Ce terme fut inventé par le chanoine Georges Le maître, astronome et physicien belge de la fin du 19ème et décédé en 1966.
C’est, en l’expliquant succinctement, un chaos primordial qui très vite s’organisa et nous donna la première étoile naissant de l’hydrogène comprimé à dix millions de degrés entraîna une fusion nucléaire avec création d’hélium, transformant ainsi la matière en énergie et enfin amenant la naissance de l’étoile, mille fois plus grande que notre soleil et émettant une lumière bleue.
Par la suite d’autres étoiles vont naitre, d’autres vont mourir et leur mort va entraîner la vie car c’est à partir de ces étoiles qui meurent que vont apparaître des éléments comme l’hélium qui plus lourd que l’hydrogène va se fixer au centre de l’étoile, dans le noyau, puis le carbone, le néon, l’oxygène et le fer.
Nous sommes ainsi faits de « poussières d’étoiles » comme le suggère Hubert REEVES.

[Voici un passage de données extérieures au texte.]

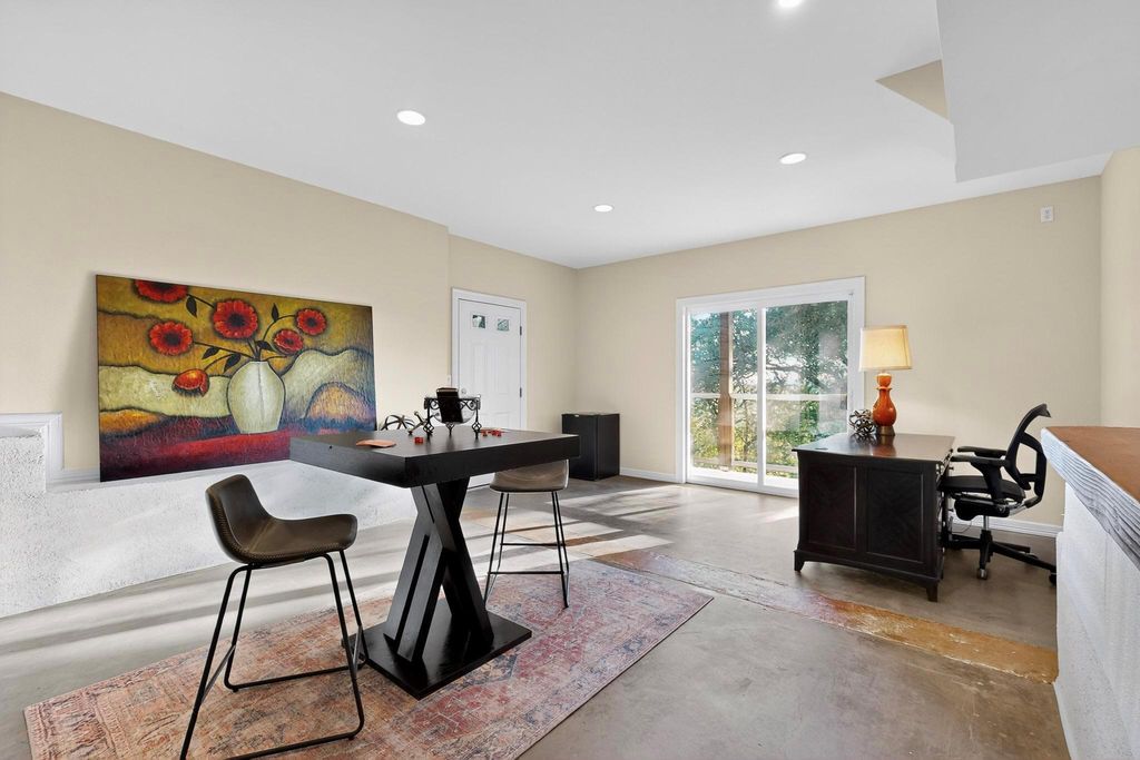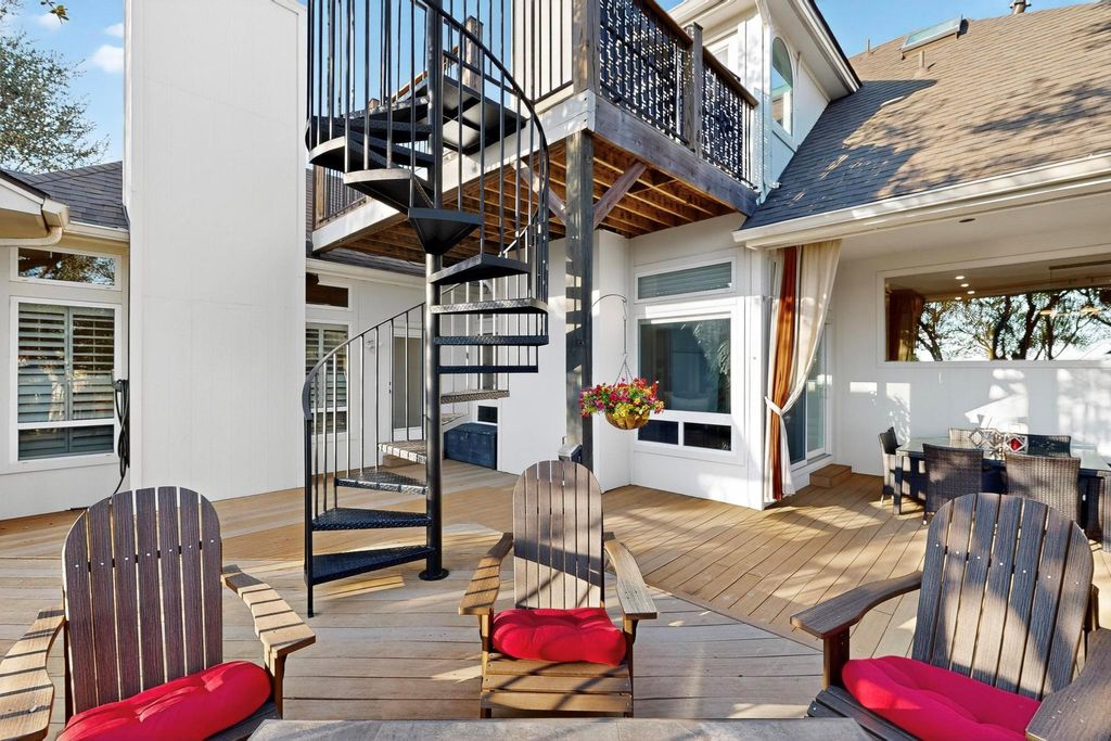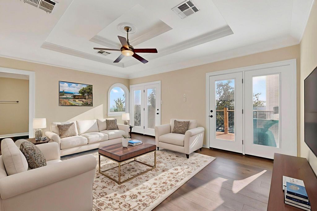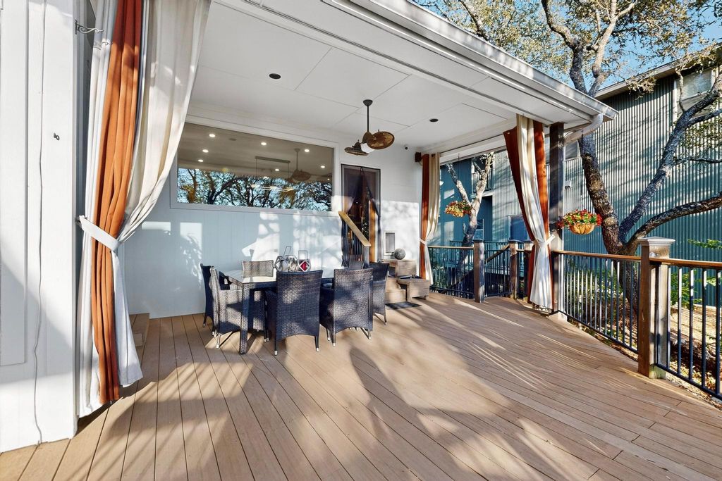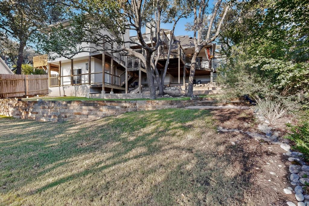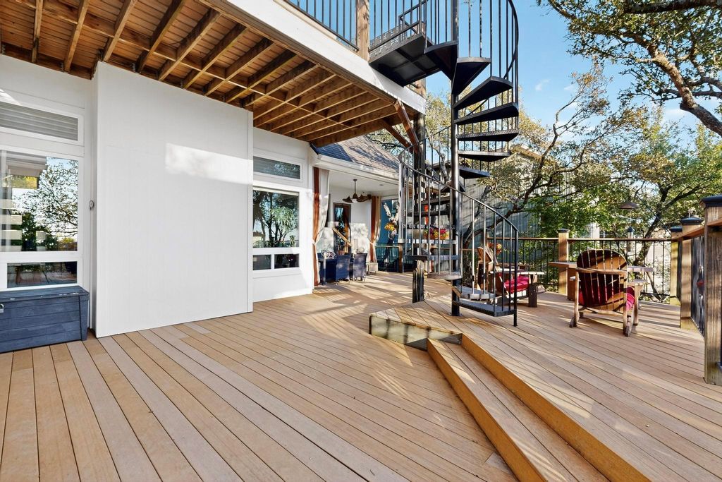 Nestled on nearly half an acre with sweeping hill views, including distant views of downtown and Lake Austin, this custom Ash Creek home blends craftsmanship, comfort, and modern elegance while being surrounded by lush woods and mature trees. Meticulously updated over the years, it offers approximately 2,700 sqft of living space plus a 430 sqft finished flex area that is perfect for a man cave, home office, art studio, home gym, or media room with its own half bath. Step inside to discover architectural character throughout: coffered, vaulted, trayed, and boxed ceilings; 6-inch plank hardwood floors; and Low-E double-pane windows that frame stunning views and bathe the interior in natural light. The versatile upstairs loft with a full bath and its own deck is ideal for guests, a second living area, or a creative escape while gazing at your view. The chef's kitchen is a true centerpiece with custom cherrywood cabinetry, oversized island, dual ovens, warming drawer, and extensive accent lighting. A massive picture window overlooks the trees and beautiful deck. The expansive primary suite features a fireplace, a spa-inspired bath, and an oversized 240 sq ft walk-in closet complete with its own washer/dryer and some hidden surprises. Enjoy over 1,100 sq ft of composite decking that invites outdoor entertaining under the stars while enjoying the wildlife of the surrounding woods and Balcones Canyonland Preserve from an elevated height. A dog door with access to the deck and a fenced dog pen makes it easy for four-legged family members, too. This well-maintained home has a brand-new roof (September) and new paint throughout. It blends high-end finishes with thoughtful design, offering both comfort, sophistication, and unmatched character in one of Austin's most desirable locations.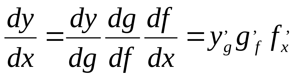 По ходу выполнения действий для предыдущего правила был использован прием поиска производной от функции u, которая сама сложным образом зависит от аргумента x. Можно в общем виде записать, что u зависит от функции g, которая зависит от переменной x, то есть: u(g(x)) . Правило дифференцирования такой функции, которая называется сложной, очевидно из тех действий, которые мы уже произвели в предыдущем примере.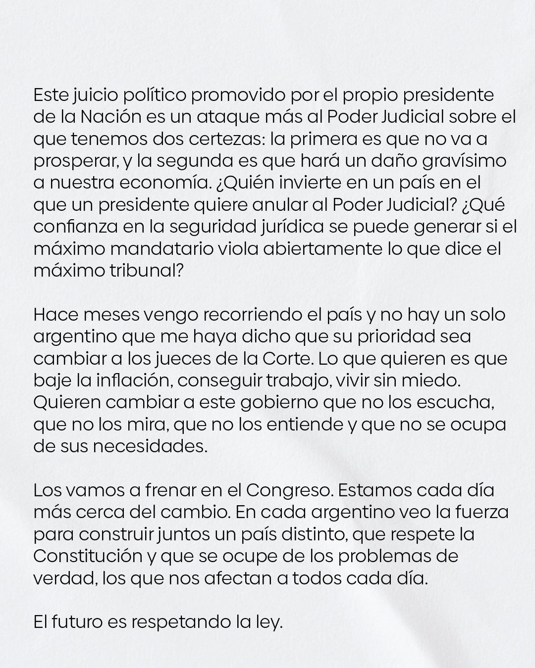 Los vamos a frenar en el Congreso. Estamos cada día más cerca del cambio. En cada argentino veo la fuerza para construir juntos un país distinto, que respete la Constitución y que se ocupe de los problemas de verdad, los que nos afectan a todos cada día.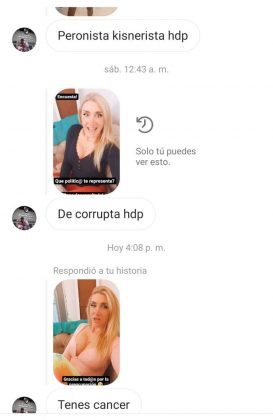 Asimismo aseguró «recibo cientos de estos mensajes todos los días de grupos organizados y pagados» y se interrogó «intentan callarme? Intentan desmoralizarme? Intentan que deje de bancar el proyecto nacional y popular? Saben lo que logran? Darme más impulso para gritar con más fuerza».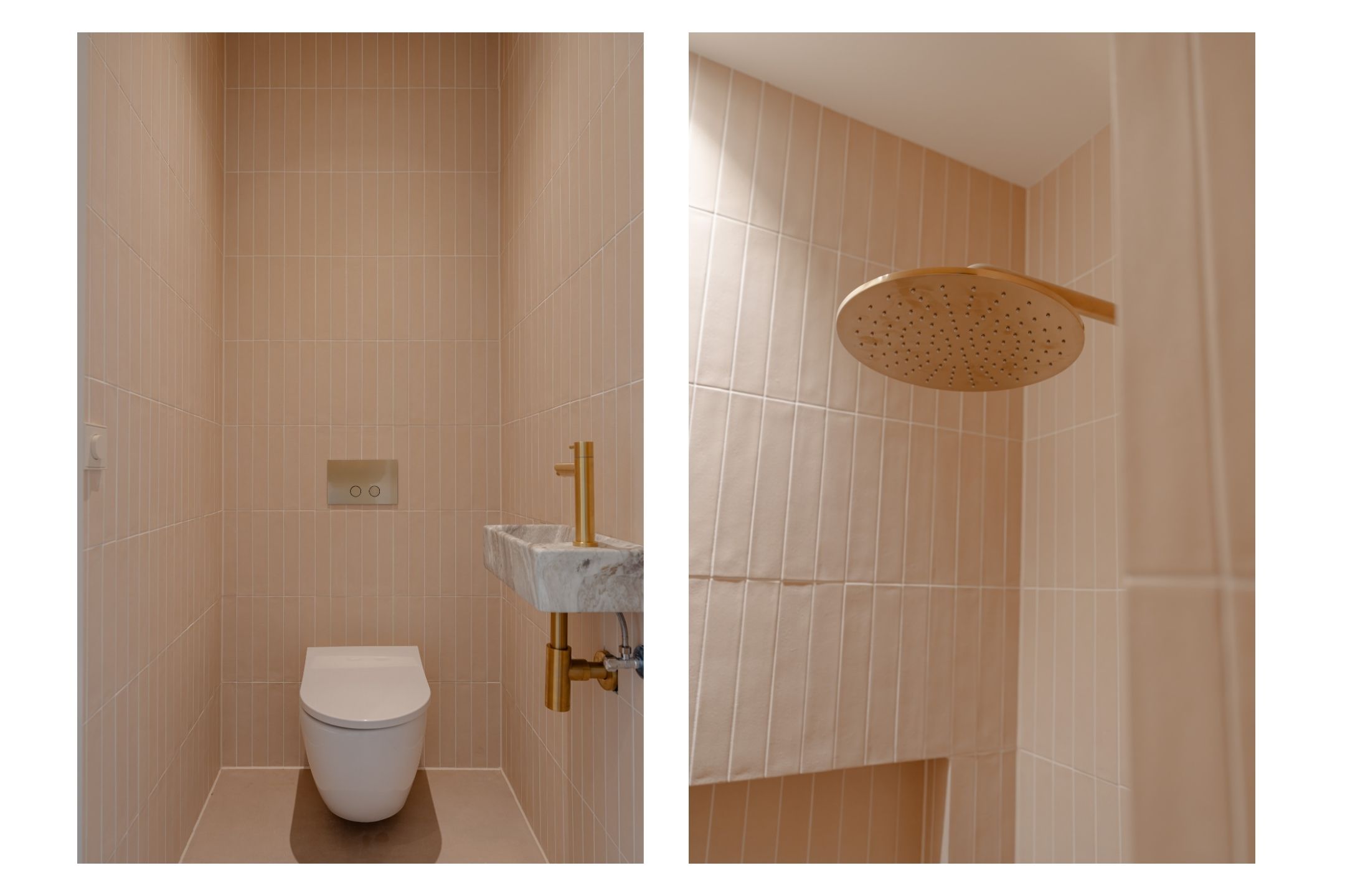 This luxurious apartment is located on the third floor and is characterised by a spacious and open layout, with large windows at both the front and rear providing pleasant natural light throughout the day. The apartment is finished to a high standard and offers a comfortable living environment with a calm and refined atmosphere. The living room is situated at the front of the apartment and features a ceiling height of approximately 3.07 metres. Together with the kitchen and dining area, it forms one generous open-plan living space. The luxurious kitchen is centrally positioned within the apartment and is designed around a spacious cooking and sink island, fitted with an induction hob, sink and Quooker. In addition, the kitchen is equipped with a refrigerator, freezer, combi oven, climate cabinet and ample cupboard space. The island also functions as a comfortable bar area. At the rear of the apartment is the covered balcony, offering attractive views over the green gardens at the back and providing a peaceful outdoor space to relax. At the front of the apartment, the hallway provides access to the first bedroom, the separate toilet, the laundry/storage room and the first bathroom. This bathroom is fitted with a walk-in shower and a double washbasin with vanity unit. The second bedroom is located at the rear of the apartment and features fixed wardrobe space and an en-suite bathroom, equipped with a walk-in shower and a washbasin with vanity unit.

Je vais donc essayer de montrer que le chaos est présent partout dans la nature mais qu’il suscite immanquablement l’ordre et même qu’il le contient. Il en est de même dans nos sociétés, et dans la F M qui applique ce principe inspiré par l’ordre naturel des choses pour parvenir à la modification et à l’amélioration de notre Etre dans les domaines de la connaissance, de la spiritualité et de la métaphysique.
I – Le chaos et l’ordre naturel
Tout d’abord essayons de définir ce qui nous vient à l’esprit lorsque nous parlons de chaos et d’ordre.
CHAOS : confusion-bouleversement-désordre-renoncement-revolution-changement-perturbation-cataclysmesubversion-émotion.
ORDRE : organisation-ordonnance-agencement-rangement-aménagement-discipline-équilibre-sécurité-harmonietranquilité-hiérarchie-loi.
Nous avons vu que notre Univers résultait d’un chaos primordial suivi par une succession d’évènements ordonnés puis à nouveau chaotiques puis ordonnés, c’est cette successions de chaos et d’ordre que nous retrouvons dans la nature. Nous assistonmhpoirot@hotmail.fr <mhpoirot@hotmail.fr>; fletouze@club-internet.fr <fletouze@club-internet.fr>s à une coexistence entre le chaos et l’ordre et en avons tous les jours des exemples.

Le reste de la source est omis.